Como todos los sábados, llegas a casa con la compra semanal. Sólo que hoy, además de la carne, pescado, frutas, verduras y demás, has cargado con un aparato que estaba en súper oferta en la sección de pequeños electrodomésticos del hipermercado: un robot de cocina que por 49’99 euros hará que olvides el delicioso pollo con pasas que guisa la hermana de tu cuñada, o ese bizcocho con canela que hornean en la pastelería de la calle Olmedo y tanto te gusta.
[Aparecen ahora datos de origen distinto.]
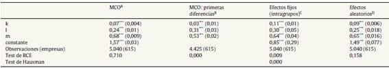 En la tabla 6 se presenta la estimación de la función de producción por diferentes métodos: MCO, MCO en primeras diferencias, MCO efectos fijos intragrupos y MCG efectos aleatorios. En este caso, la muestra es el conjunto de empresas que forman el sector de innovación global en mercados locales de España.

Ya tenías ganas de un aparato de estos. Que estás harto de ver, sentir y padecer tanto espectáculo culinario en la tele. Últimamente no se habla más que de masterchef, superchef, niñochef, womanchef. Y tú te has dicho que para qué tanto cerebrito gastronómico, si la robótica es capaz de poner en tu casa un cocinero capaz de superar al mismísimo Arguiñano. Y aquí te ves, haciendo de pinche de tu “maestro de cocina mecánico”, que aguarda sobre la encimera a que le suministres las viandas necesarias para que comience a demostrarte su dominio del guiso y la repostería.

Pero claro, tú no has nacido sabiendo lo que antes no has aprendido; y tu robot de cocina ha aprendido a cocinar, pero no a programarse. Así que agarras el manual de instrucciones y comienzas a leerlo para conocer sus partes, características y funciones.

Trascurrida una hora de lectura, sólo sabes que no sabes nada. Y te preguntas quién habrá escrito ese manual de instrucciones, que más bien parece un texto perverso escrito para poner a prueba tu capacidad intuitiva. Te armas de paciencia, y vuelves a leer las instrucciones; luego de atrevimiento, y comienzas a manipular los botones del bicho. Compruebas el funcionamiento de cada botón. Todo bien. Añades los ingredientes. Un poco de esto, un tanto de lo otro, la mitad de este poco, una cucharada de ese mucho, y a funcionar. Que sea lo que Dios quiera. Y Dios quiere que te quedes sin comer, porque no has debido programar bien el robot. Algo has hecho mal. Todo porque el maldito manual lo ha escrito el más tonto de la clase.

Mientras te preparas un bocadillo, te entra la congoja al recordar que pronto tendrás que cambiar la lavadora.